▶ Task brief
Restate word for word the material below, starting at the line that contains "また、行方市フォントにおける" and stopping after the last line; skip pictures.

▶ Raw data
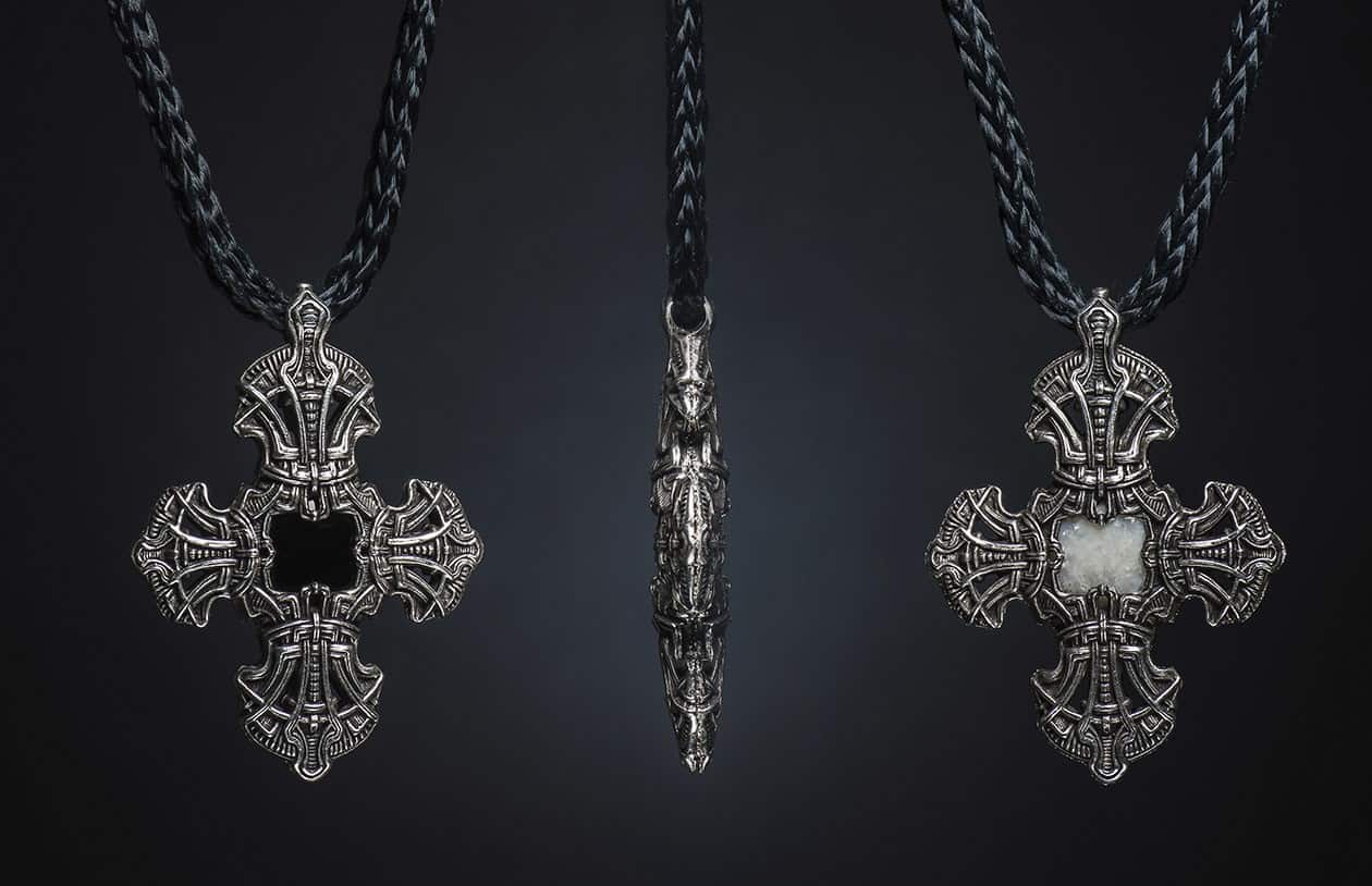 The P10 Necklace features a reversible sterling silver cross pendant that has been inlaid with onyx and fossil walrus tusk upon a thick braid of Kevlar. Defined by its symbolic cross, the P10 Necklace balances ancient symbolism with modern high fashion.
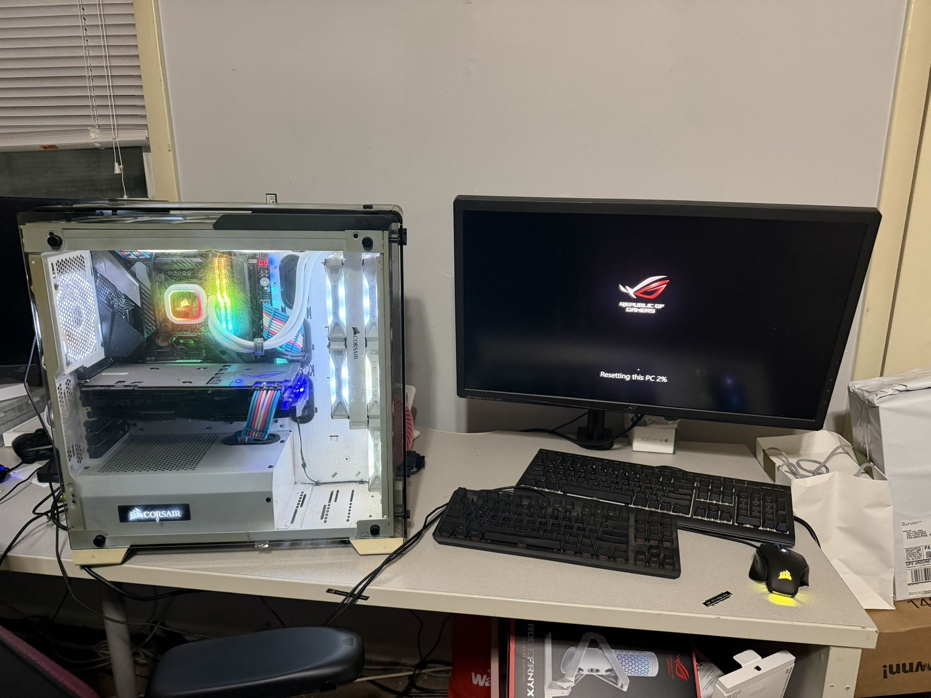 I5 9600k Asus Strix 2080 32gb 3200 c16 trident z royal 1tb Samsung 970 evo m.2 Asus Maximus xi gene Corsair crystal case tempered glass (I have the back glass for the pc just missing screws for it doesn’t affect which can be purchased from corsairs website) Pc has recently been reset and includes windows It is dusty but still works fine, it just sat for 2 years since i had a baby recently. Boot time is about 40 seconds to desktop. Performs well. Does not include mouse and keyboard. Monitor is optional.
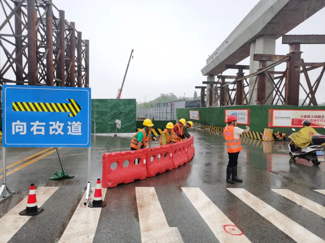 交通安全維護(hù)是項(xiàng)目施工的重中之重。為在確保施工安全和進(jìn)度的前提下,最大限度減少項(xiàng)目建設(shè)對(duì)交通的影響,贛州城投集團(tuán)項(xiàng)目部工作人員迅速行動(dòng),召集施工、監(jiān)理等單位討論編制創(chuàng)業(yè)路橋梁上跨崗邊大道的交通導(dǎo)行方案。為保證交通導(dǎo)行方案的可行性,項(xiàng)目部邀請(qǐng)交警部門、龍泉村村民到現(xiàn)場(chǎng)踏勘,聽取意見、建議,并對(duì)方案進(jìn)一步優(yōu)化、完善。經(jīng)交警部門審批方案通過后,項(xiàng)目部集中力量抓住4月10日和11日周末兩天的空檔期,加班加點(diǎn)完成了跨崗邊大道區(qū)域的交通導(dǎo)行及圍擋,并在后續(xù)施工中安排了專人對(duì)車輛、行人進(jìn)行引導(dǎo),對(duì)隱患及時(shí)排查整改,派駐安全引導(dǎo)員在學(xué)生上下課時(shí)間點(diǎn)到路口對(duì)通行車輛、行人進(jìn)行引導(dǎo),護(hù)航創(chuàng)業(yè)路三標(biāo)上跨崗邊大道橋梁施工階段的原有地面道路社會(huì)車輛及行人有序通行。
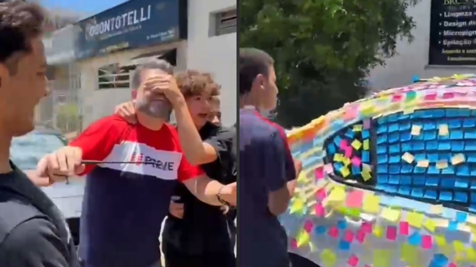 Um professor de redação teve o carro coberto por post-its ao deixar a escola em Bauru, São Paulo. A ação foi organizada por alunos do ensino médio, que usaram a surpresa para convidar Guido Dal Col Netto para ser o paraninfo da formatura. O vídeo do momento viralizou nas redes sociais.
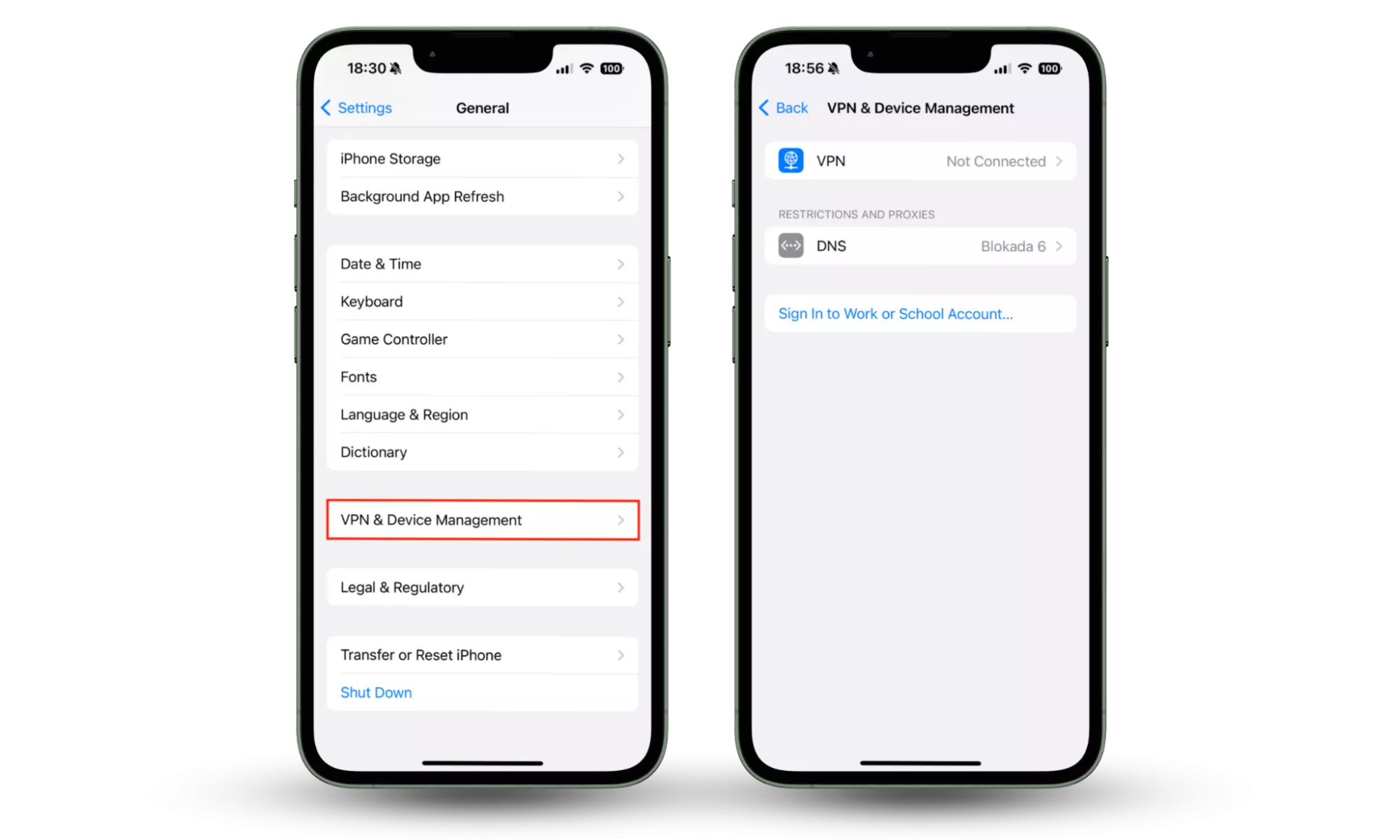 步驟 1-4:在“設置”中,轉到“常規”,點擊“VPN 和設備管理”,然後刪除無法識別的配置文件。
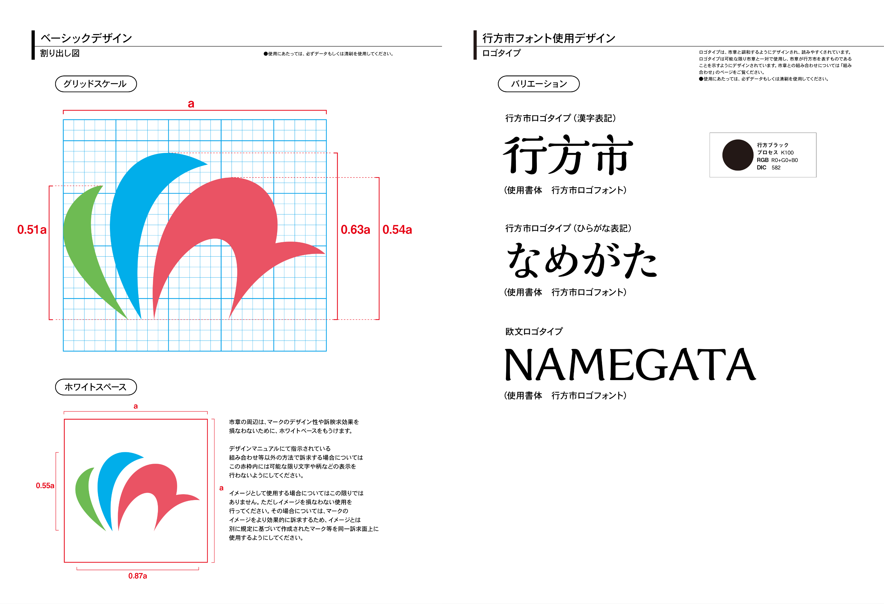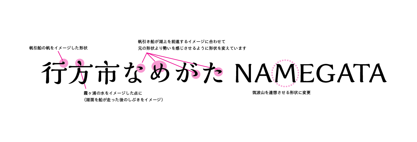 また、行方市フォントにおける「行方市」「なめがた」「NAMEGATA」のロゴタイプも用意しています。例えば「方」の点は霞ヶ浦の水をイメージした形状に、ローマ字の「M」は筑波山を連想させる形状にカスタマイズするといった具合です。完成後の展開については、市長から「筑波山を望める霞ヶ浦沿いのサイクリングロードで、山とMの文字が重なる場所に看板を設置し、フォトスポットにしてはどうか」というアイデアも出ています。これまで行方市らしさが見えにくかった場所においても、視覚的にその魅力を感じてもらえたらと考えています。
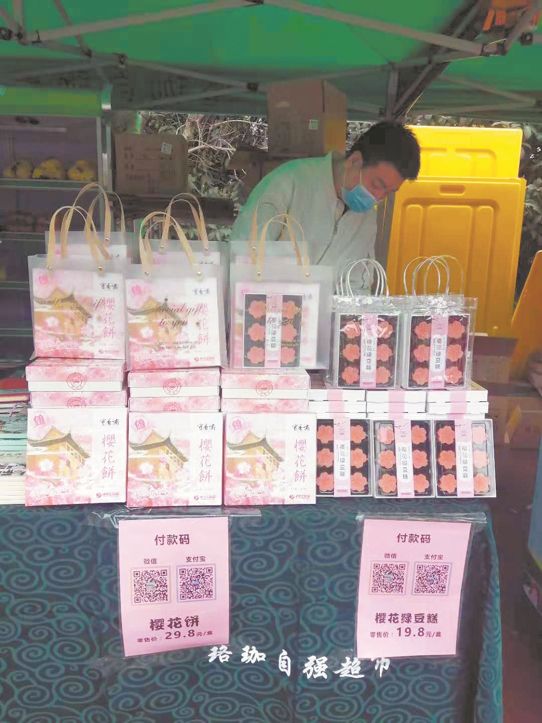 “在武汉大学赏樱花,边赏边吃樱花绿豆糕,满满都是武汉的味道。”3月21日,在武汉大学第五教学楼的外广场上,游客丁女士在本土老字号扬子江食品的摊位上买了两盒樱花绿豆糕,准备与友人一起带到樱花大道上,在拍照留念之后,一边吃樱花糕饼,一边赏樱花美景:“美景和美食都不辜负,这样更有赏樱的武汉特色。”
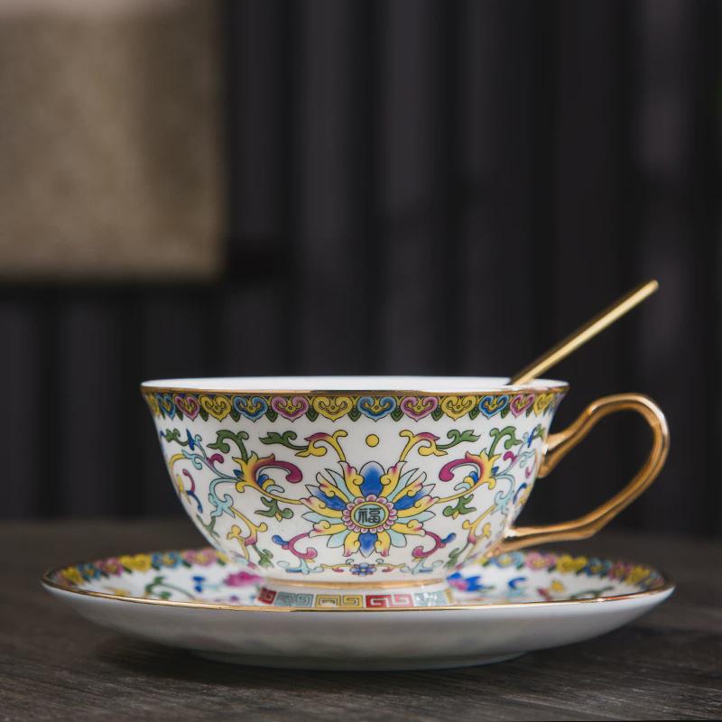 金边珐琅彩咖啡杯宫廷风牛奶午茶骨瓷中式礼品盒情侣杯景德镇陶瓷
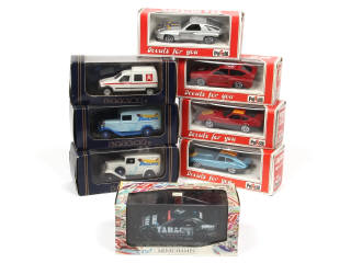 différentes compositions - comprend les modèles : JAGUAR, FERRARI, ALFA ROMEO, PORSCHE, CITROEN & MERCEDES - on y retrouve les marques : ELIGOR/LBS, POLISTIL & MINICHAMPS - certaines boites avec petites fêlures & plus ou moins poussièreuses
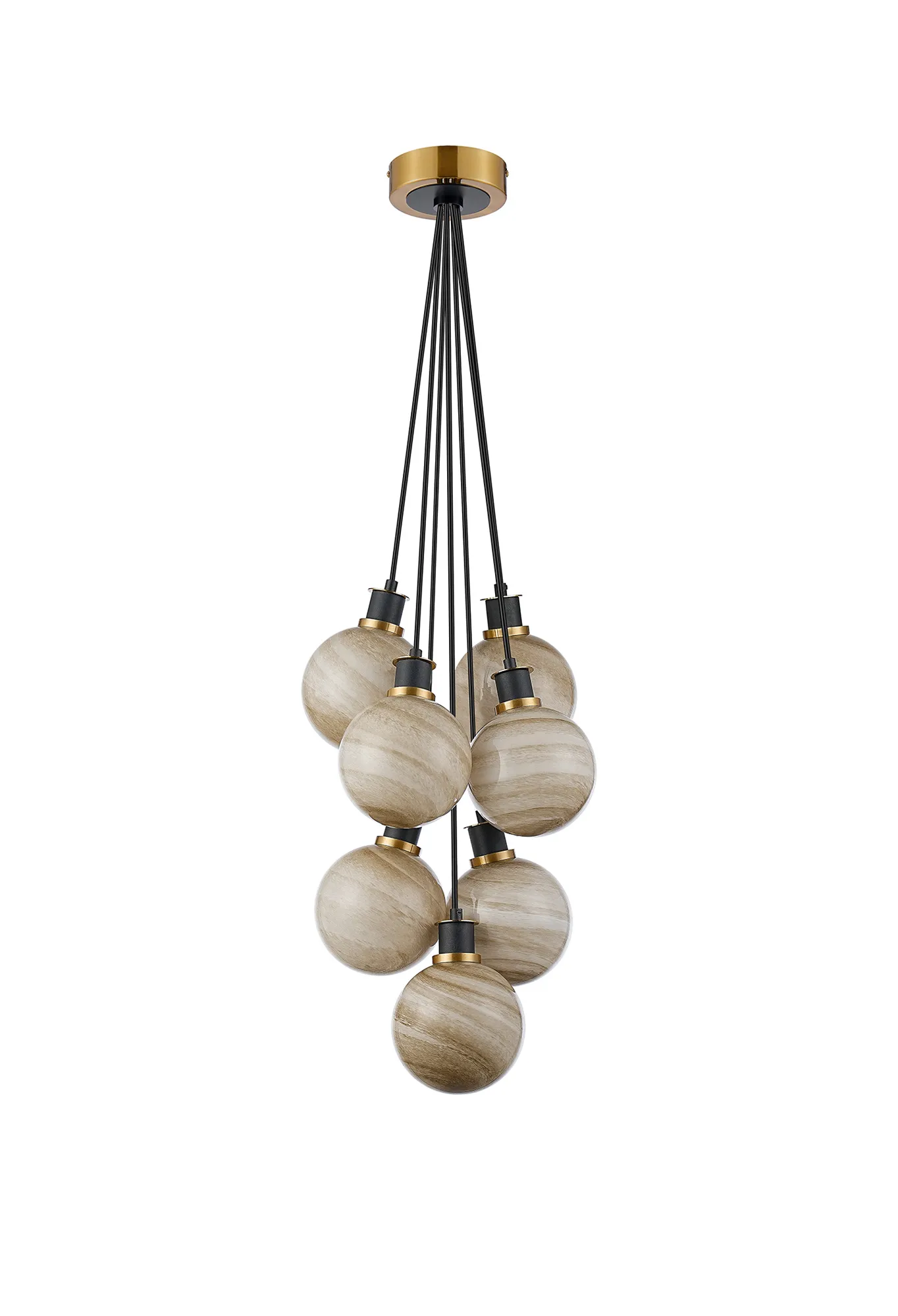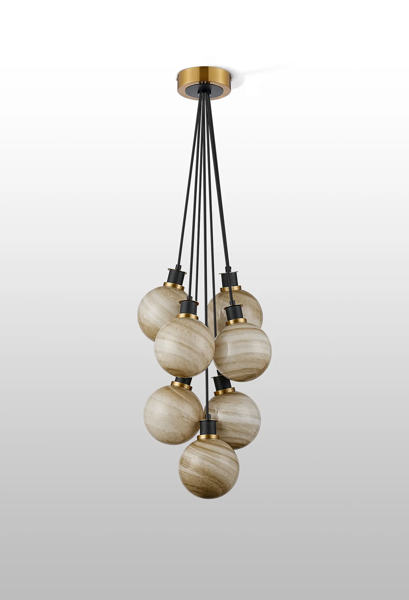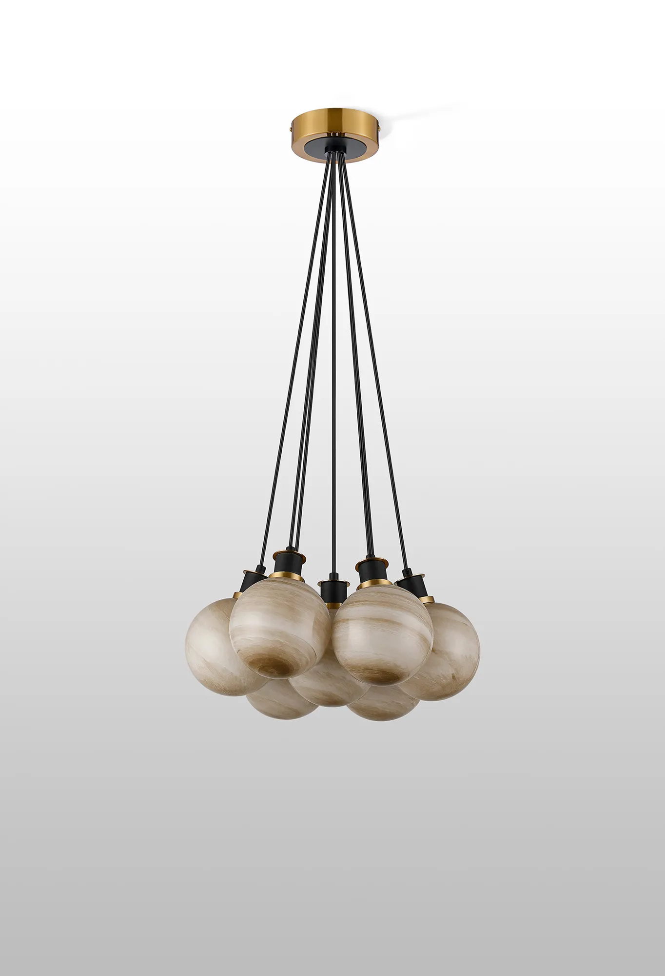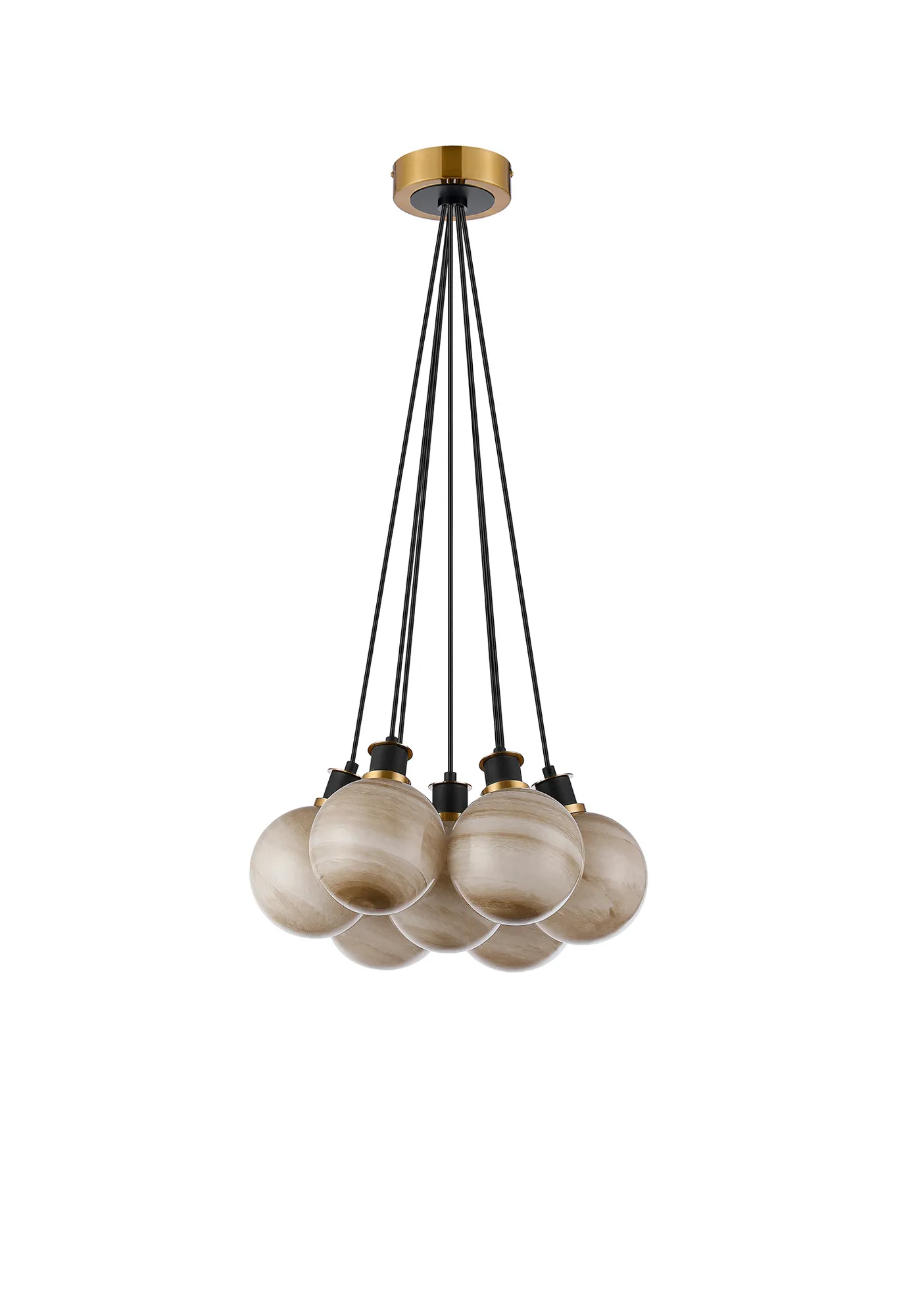 Fernie Switched Wall Light, 1 Light E14 With 15cm Round Dark Beige Marble Effect Glass Shade, Brass & Satin Black Framework

▶ The answer
 また、行方市フォントにおける「行方市」「なめがた」「NAMEGATA」のロゴタイプも用意しています。例えば「方」の点は霞ヶ浦の水をイメージした形状に、ローマ字の「M」は筑波山を連想させる形状にカスタマイズするといった具合です。完成後の展開については、市長から「筑波山を望める霞ヶ浦沿いのサイクリングロードで、山とMの文字が重なる場所に看板を設置し、フォトスポットにしてはどうか」というアイデアも出ています。これまで行方市らしさが見えにくかった場所においても、視覚的にその魅力を感じてもらえたらと考えています。
 “在武汉大学赏樱花,边赏边吃樱花绿豆糕,满满都是武汉的味道。”3月21日,在武汉大学第五教学楼的外广场上,游客丁女士在本土老字号扬子江食品的摊位上买了两盒樱花绿豆糕,准备与友人一起带到樱花大道上,在拍照留念之后,一边吃樱花糕饼,一边赏樱花美景:“美景和美食都不辜负,这样更有赏樱的武汉特色。”
 金边珐琅彩咖啡杯宫廷风牛奶午茶骨瓷中式礼品盒情侣杯景德镇陶瓷
 différentes compositions - comprend les modèles : JAGUAR, FERRARI, ALFA ROMEO, PORSCHE, CITROEN & MERCEDES - on y retrouve les marques : ELIGOR/LBS, POLISTIL & MINICHAMPS - certaines boites avec petites fêlures & plus ou moins poussièreuses
 Fernie Switched Wall Light, 1 Light E14 With 15cm Round Dark Beige Marble Effect Glass Shade, Brass & Satin Black Framework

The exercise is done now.